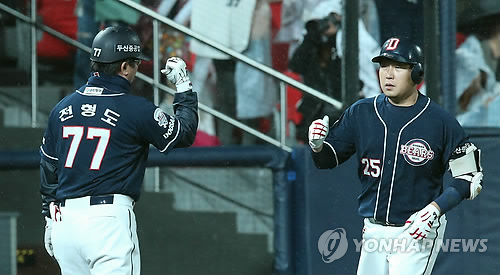 | △ 두산 양의지 솔로홈런 (수원=연합뉴스) 신영근 기자 = 14일 경기도 수원케이티위즈파크에서 열린 프로야구 케이티와 두산의 경기 4회초 두산 양의지가 솔로홈런을 때린 뒤 전형도 주루코치의 축하를 받고 있다. 2015.4.14 drops@yna.co.kr |
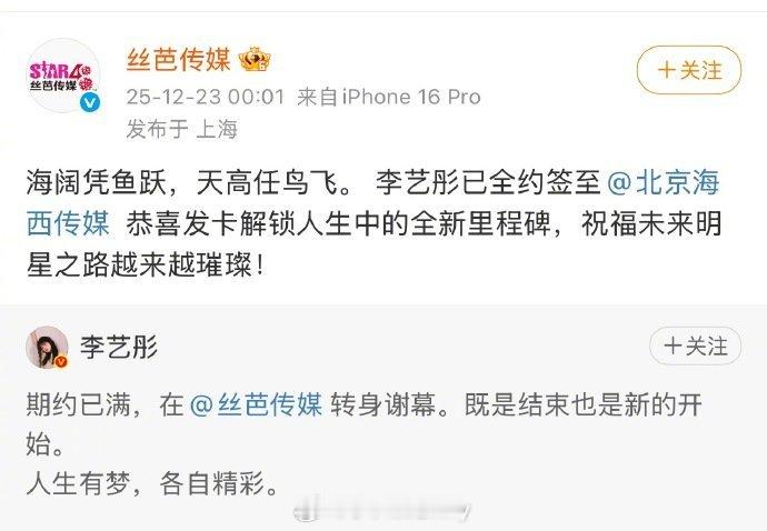 李艺彤和丝芭合约到期,丝芭已转发李艺彤官宣离开丝芭
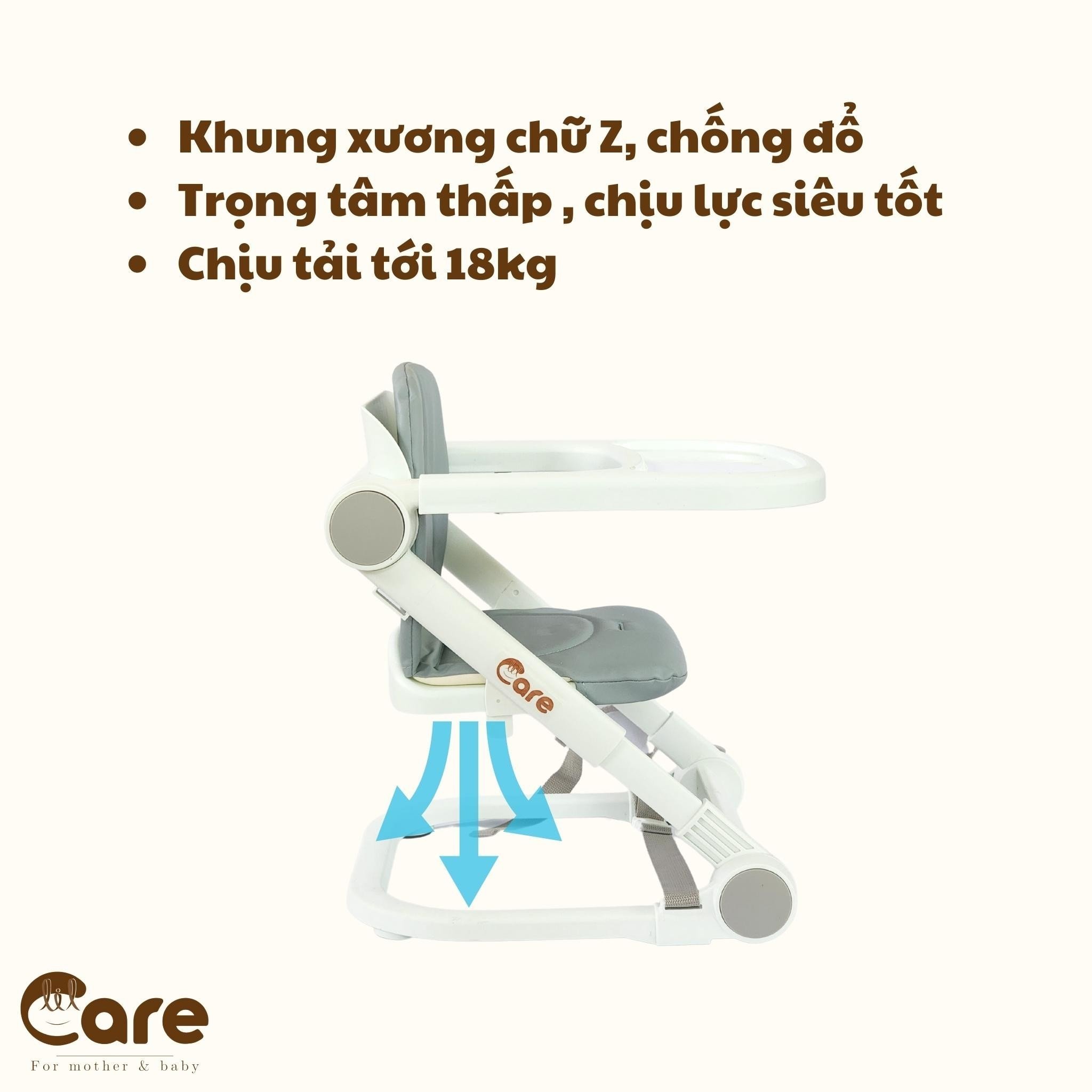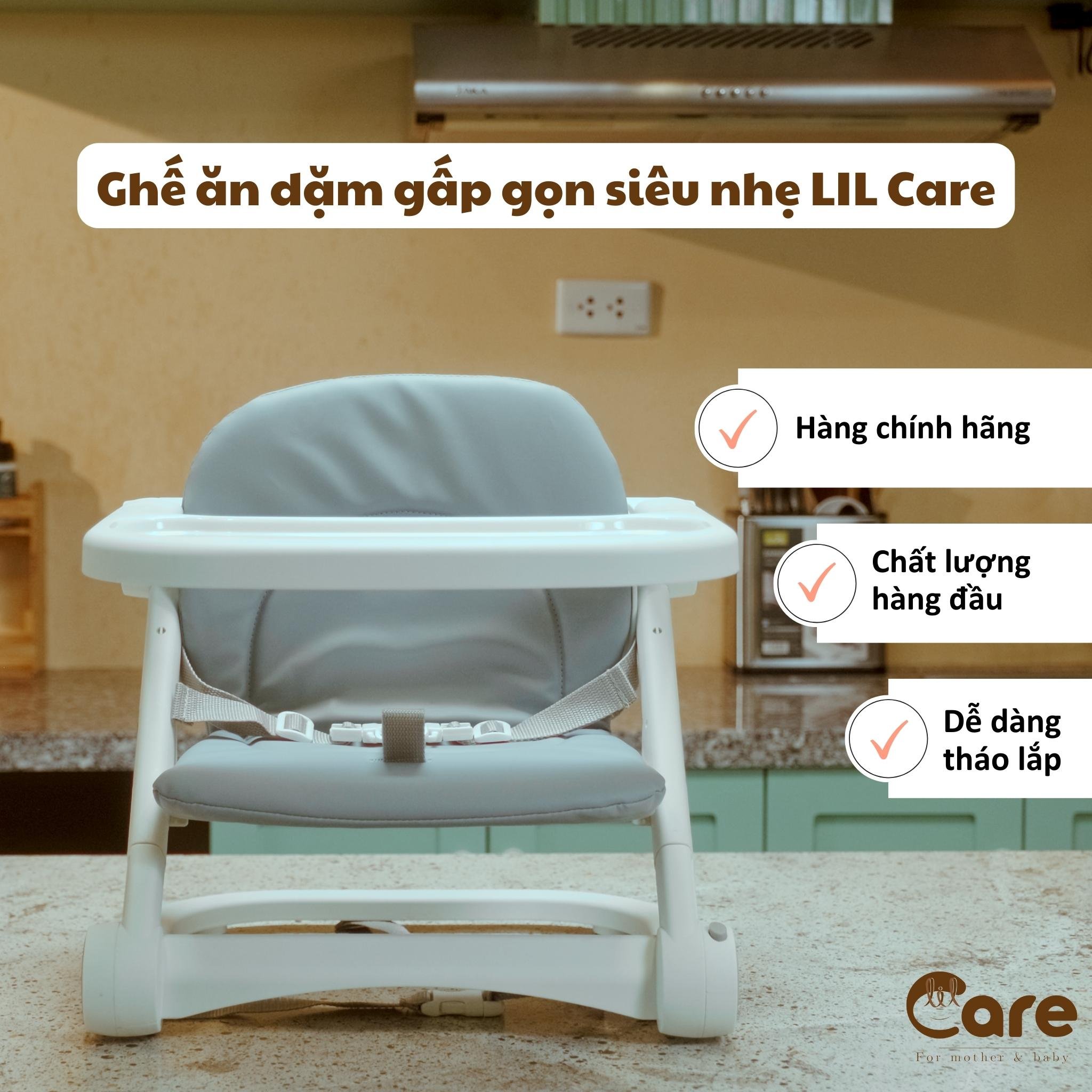 Ghế ăn dặm gấp gọn siêu nhẹ LIL CARE với thiết kế nhỏ gọn, vừa làm ghế ăn, ghế ngồi chơi cho con vô cùng tiện lợi.

▸ **ASSIGNMENT**: From the line containing "李艺彤和丝芭合约到期,丝芭已转发李艺彤官宣离开丝芭" to the final line above, both included, transcribe every line exactly and leave all pictures out.

▸ **RESPONSE AREA**:
 李艺彤和丝芭合约到期,丝芭已转发李艺彤官宣离开丝芭
 Ghế ăn dặm gấp gọn siêu nhẹ LIL CARE với thiết kế nhỏ gọn, vừa làm ghế ăn, ghế ngồi chơi cho con vô cùng tiện lợi.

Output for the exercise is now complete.